● What is required: Write out the records in full and without alteration, setting aside their pictures.

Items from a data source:
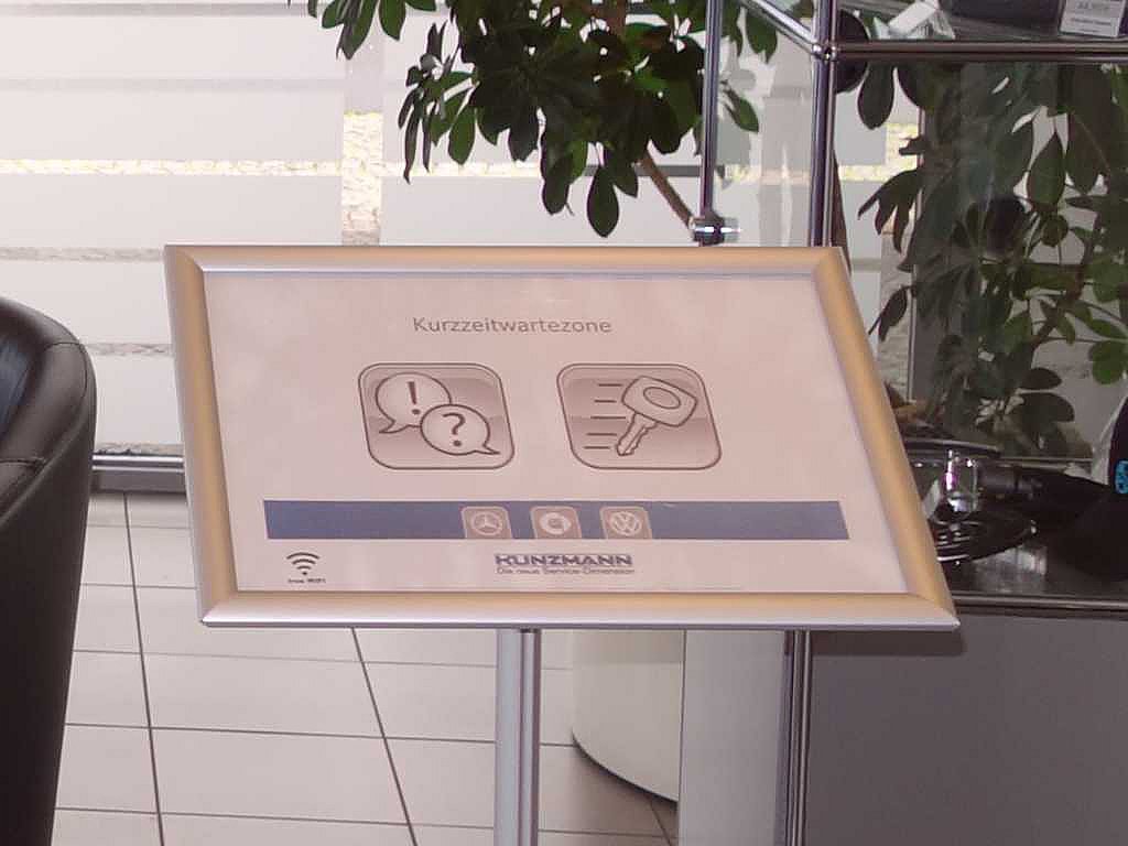 Die Diktion, keine Wartezeiten für die Reifenkunden. Außerdem werden werblich spezifische Reifenofferten abgebildet. – siehe Abb. Sollten zwei Kunden gleichzeitig aufschlagen, nimmt der Kunde in Kurzwarte-Lounge Platz. Die Serviceassistentin führt den Kunden dem nächsten Serviceberater zu. Der Serviceberater checkt außerdem diverse Winternotwendigkeiten durch, die Flüssigkeitsstände, das Licht, Bremsanlage, Schweibenwischeranlage, die Winschutzscheibe auf Steinschlag und Risse, Wischer-/Gummi-/Blatt auf Risse und Verschleiß, die Batterie u.a. Es wird außerdem Kühlmittelfrostschutz ergänzt, Schweibenwaschmittel aufgefüllt sowie eine Sichtprüfung der Unterseite vorgenommen. Klar, gegen Bezahlung.
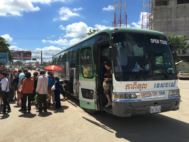 ホテルの前に泊まっていたトゥクトゥクに1ドル紙幣を渡して、昨日チケットを買ったバス会社へやって来た。
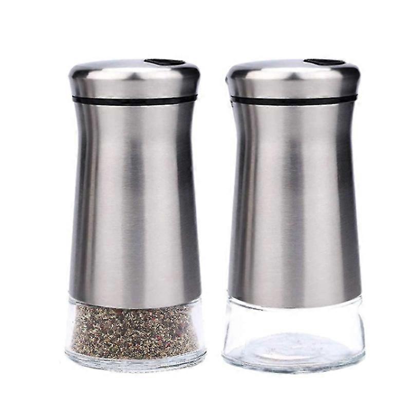 Stainless Steel Salt And Pepper Shakers 2/4pcs Glass Seasoning Shaker With Adjustable Pouring Holes.
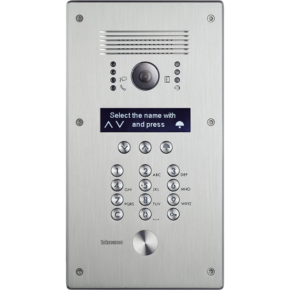 Video vstupní panel LINEA 300 bez tlačítek. Tlačítka nahrazuje klávesnice s grafickým menu na displeji. Úhel záběru kamery je 124°. Provedení antivandal (nerezová ocel INOX, tloušťka 4mm – IP54, IK 07). Možnost osazení elektronickou čtečkou s centrální administrací
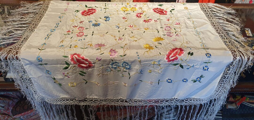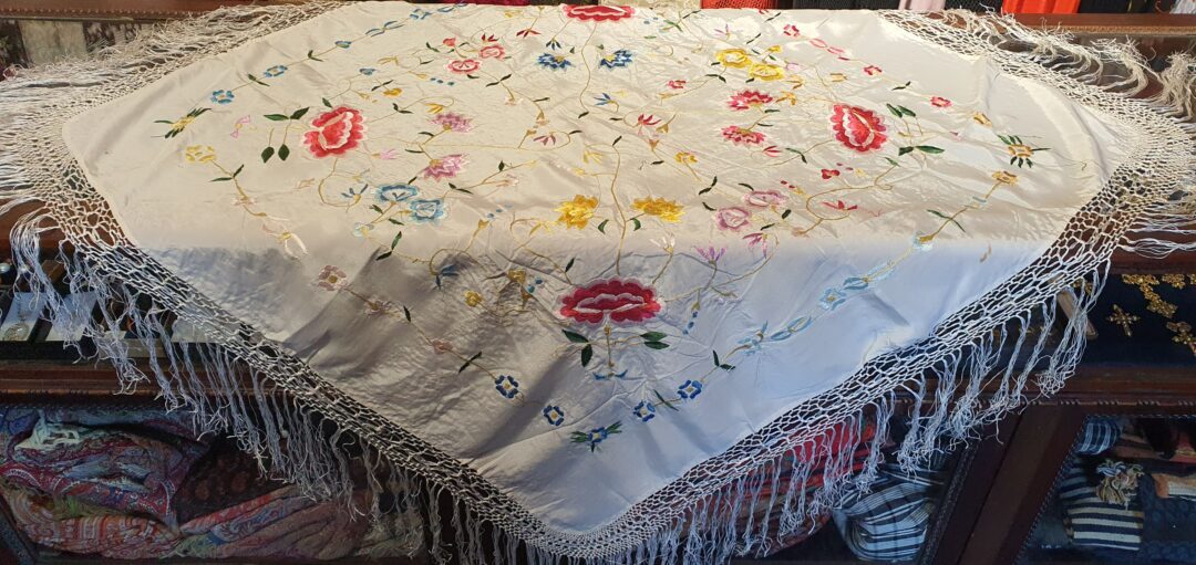 Mantoncito en crepé de seda bordada a máquina. Mide 96 cm de lado más enrejado y fleco
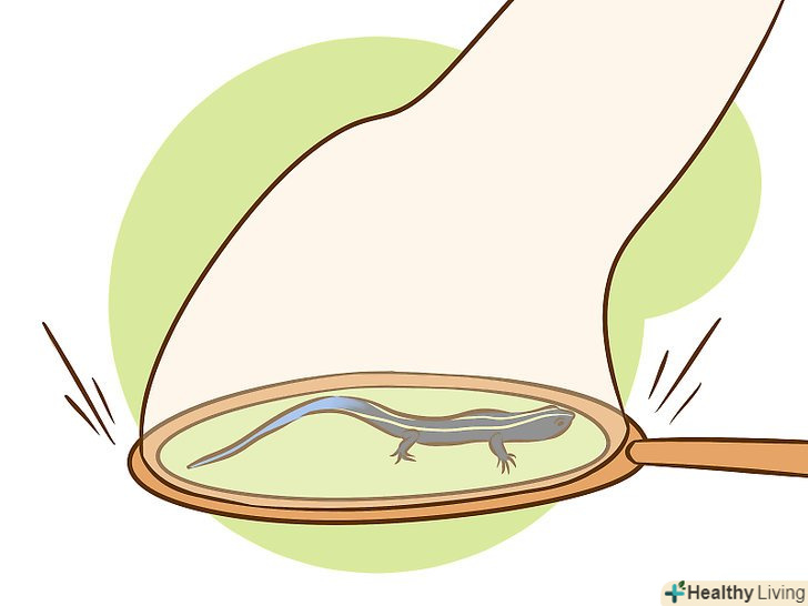 Переверніть сачок так, щоб сцинк провалився всередину сітки. притримуючи картон біля основи сітки, переверніть сачок. Притримуйте картон зверху, щоб ящірка не вистрибнула і не поповзла.
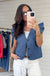 Add a playful yet polished layer to your wardrobe with this denim quilted vest. Featuring a stitched pattern, ruffle shoulder accents, and a flattering V-neck, it’s designed with a front button-down closure and convenient side pockets. Fully lined for comfort and warmth, this versatile piece elevates any outfit from casual to chic.
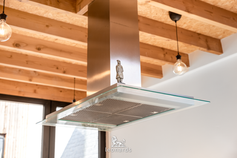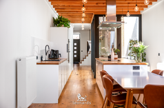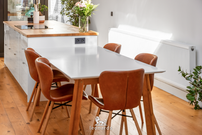 Wit hoogglans, hout en inox: de keuken is lang, logisch en verdomd goed doordacht. Aan één zijde de volledige keukenrij met spoelbak en elektrisch kooktoestel. Aan de andere kant een ruim kookeiland dat uitnodigt tot samen koken, samen eten, samen zijn. Naast het kookeiland staat de eettafel, met zicht op de tuin en het licht dat 's ochtends binnenkomt vanuit het oosten. Goeiemorgen.
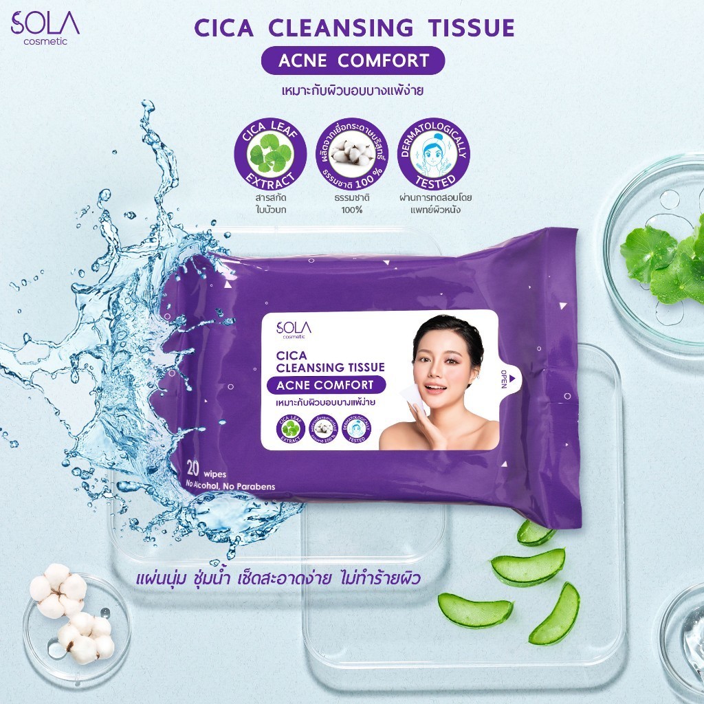 ถูก/แท้/มีไลฟ์ เช็ดเครื่องสำอาง Sola Cica Cleansing Tissue โซลา คลีนซิ่งทิชชู่ ทิชชู่เปียก แผ่นเช็ดทำความสะอาด เช็ดหน้า
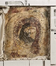| Provenance: From the church of Saint Solomoni in Komi tou Gialou. The fresco fragment has been stolen by Turkish smugglers after the Turkish invasion and occupation of Northern Cyprus in 1974. It was found in 1997 in the appartments of the Turk Aydin Dikmen in Munich and was confiscated. After a long trial in the Court of Munich it was repatriated from Munich (Germany) in November 2013 | |
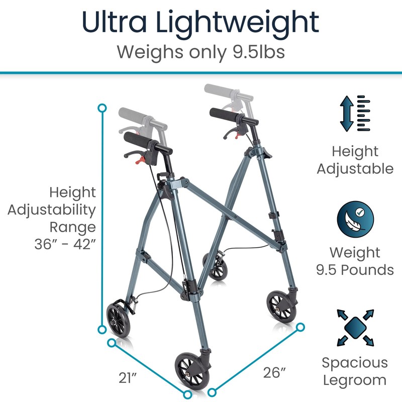 - SAFE, STABLE, & PATENT-PENDING: Built from high-strength aluminum, this lightweight 9.5 lb walker supports up to 300 lbs. Its patent-pending locking system ensures secure folding, while the lifetime frame guarantee provides lasting confidence in its durability.

● Answer area:
 Die Diktion, keine Wartezeiten für die Reifenkunden. Außerdem werden werblich spezifische Reifenofferten abgebildet. – siehe Abb. Sollten zwei Kunden gleichzeitig aufschlagen, nimmt der Kunde in Kurzwarte-Lounge Platz. Die Serviceassistentin führt den Kunden dem nächsten Serviceberater zu. Der Serviceberater checkt außerdem diverse Winternotwendigkeiten durch, die Flüssigkeitsstände, das Licht, Bremsanlage, Schweibenwischeranlage, die Winschutzscheibe auf Steinschlag und Risse, Wischer-/Gummi-/Blatt auf Risse und Verschleiß, die Batterie u.a. Es wird außerdem Kühlmittelfrostschutz ergänzt, Schweibenwaschmittel aufgefüllt sowie eine Sichtprüfung der Unterseite vorgenommen. Klar, gegen Bezahlung.
 ホテルの前に泊まっていたトゥクトゥクに1ドル紙幣を渡して、昨日チケットを買ったバス会社へやって来た。
 Stainless Steel Salt And Pepper Shakers 2/4pcs Glass Seasoning Shaker With Adjustable Pouring Holes.
 Video vstupní panel LINEA 300 bez tlačítek. Tlačítka nahrazuje klávesnice s grafickým menu na displeji. Úhel záběru kamery je 124°. Provedení antivandal (nerezová ocel INOX, tloušťka 4mm – IP54, IK 07). Možnost osazení elektronickou čtečkou s centrální administrací
 Mantoncito en crepé de seda bordada a máquina. Mide 96 cm de lado más enrejado y fleco
 Переверніть сачок так, щоб сцинк провалився всередину сітки. притримуючи картон біля основи сітки, переверніть сачок. Притримуйте картон зверху, щоб ящірка не вистрибнула і не поповзла.
 Add a playful yet polished layer to your wardrobe with this denim quilted vest. Featuring a stitched pattern, ruffle shoulder accents, and a flattering V-neck, it’s designed with a front button-down closure and convenient side pockets. Fully lined for comfort and warmth, this versatile piece elevates any outfit from casual to chic.
 Wit hoogglans, hout en inox: de keuken is lang, logisch en verdomd goed doordacht. Aan één zijde de volledige keukenrij met spoelbak en elektrisch kooktoestel. Aan de andere kant een ruim kookeiland dat uitnodigt tot samen koken, samen eten, samen zijn. Naast het kookeiland staat de eettafel, met zicht op de tuin en het licht dat 's ochtends binnenkomt vanuit het oosten. Goeiemorgen.
 ถูก/แท้/มีไลฟ์ เช็ดเครื่องสำอาง Sola Cica Cleansing Tissue โซลา คลีนซิ่งทิชชู่ ทิชชู่เปียก แผ่นเช็ดทำความสะอาด เช็ดหน้า
| Provenance: From the church of Saint Solomoni in Komi tou Gialou. The fresco fragment has been stolen by Turkish smugglers after the Turkish invasion and occupation of Northern Cyprus in 1974. It was found in 1997 in the appartments of the Turk Aydin Dikmen in Munich and was confiscated. After a long trial in the Court of Munich it was repatriated from Munich (Germany) in November 2013 | |
 - SAFE, STABLE, & PATENT-PENDING: Built from high-strength aluminum, this lightweight 9.5 lb walker supports up to 300 lbs. Its patent-pending locking system ensures secure folding, while the lifetime frame guarantee provides lasting confidence in its durability.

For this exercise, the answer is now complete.